SLM vs WDV, change in method, asset disposal, and the adjustments that trip up half the attempters. Typically 6–8 marks in every Paper 1 attempt.

Last reviewed: 25 April 2026

Why depreciation

  • •A fixed asset's cost is spread across its useful life so each period is charged with its fair share (matching concept).
  • •It's a non-cash charge: profits fall, but cash is unchanged.
  • •Required under AS 10 (Property, Plant and Equipment).

Straight Line Method (SLM)

  • •Equal charge every year across the asset's useful life.
  • •Simple to calculate; used for buildings, furniture, non-intensive equipment.
  • •Book value at end of year n = Cost − (Annual depreciation × n).

Written Down Value (WDV)

  • •Fixed percentage applied to the reducing book value each year.
  • •Higher charge in early years, tapers over time.
  • •Used where assets yield more in the early years (vehicles, electronics).
  • •Book value never quite reaches zero mathematically — scrap value lives on paper until disposal.
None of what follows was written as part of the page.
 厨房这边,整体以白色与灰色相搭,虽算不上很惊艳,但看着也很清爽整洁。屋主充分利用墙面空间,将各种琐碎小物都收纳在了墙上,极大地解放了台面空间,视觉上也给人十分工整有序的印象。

Change in method (AS 10 rules)

  • •Retrospective effect: recompute depreciation from acquisition under the new method.
  • •Difference is charged to P&L as 'excess / short provision for depreciation' in the year of change.
  • •Disclose in notes: reason for change, effect on current and prior periods.

Disposal of a fixed asset

  • •Compute depreciation up to the date of disposal first.
  • •Transfer asset's accumulated depreciation and cost to an 'Asset Disposal' or 'Sale of Asset' account.
  • •Profit/loss = Sale proceeds − Book value on disposal date.
  • •Profit on sale of fixed asset → credited to P&L; loss → debited.

Formulas

SLM — annual depreciation
Dep = (Cost − Scrap) ÷ Useful life
WDV — annual depreciation
Dep (yr n) = Opening WDV × Rate%
Rate under WDV for given life
R = 1 − (Scrap/Cost)^(1/n) — gives the % that amortises to scrap in n years

Rarely asked in Foundation but useful to sanity-check rates.
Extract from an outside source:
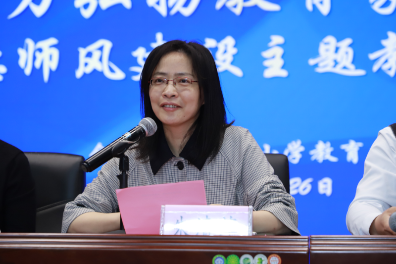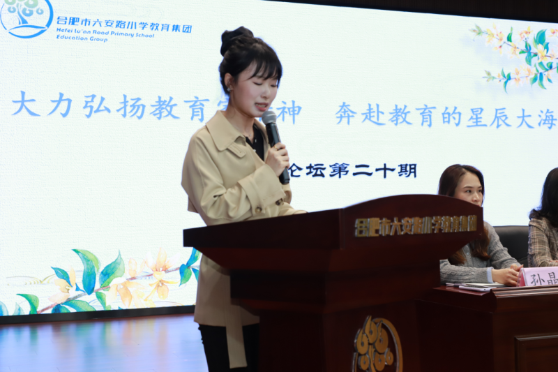 三位教师主题发言之后,合肥市六安路小学教育集团总校长朱清萍发表讲话。她指出,坚守师德,首要之务在于坚守原则与底线,师德不仅是教育的风气所在,更是教育的灵魂精髓。作为庐阳区教育的佼佼者,合肥市六安路小学的教师团队应当将师德师风建设内化于心、外化于行,使之成为每一位教师内心的自觉追求。朱校长鼓励教师们深耕教学一线,不断精进专业知识与教学技能,更要关爱每一位学生,成为他们成长道路上的灯塔与引路人。她强调,师德师风建设的长期性和艰巨性,是一项需要全体教师齐心协力、持续努力的伟大工程。全体教师要始终坚守教育的初心,牢记育人的神圣使命,不断强化自己为人师表、立德树人的责任感与使命感。

Book value after n years (SLM)
BV = Cost − (Annual dep × n)

Must know before the exam

  • ★Depreciation begins the day the asset is READY TO USE, not when it's first switched on.
  • ★Partial-year depreciation is pro-rated by months (or days, if specified).
  • ★Revaluation of assets is NOT depreciation — don't confuse the two.
  • ★Under AS 10, land is NOT depreciated (infinite useful life); leasehold land IS amortised.

Common mistakes & fixes

✗ Using full-year depreciation on a half-year-old asset.
✓ Pro-rate to the months the asset was actually available.
✗ Forgetting to record depreciation up to the disposal date.
✓ Always add catch-up depreciation before computing profit/loss on sale.
✗ Treating change in method prospectively only.
✓ AS 10 requires retrospective recalculation with a one-time P&L adjustment.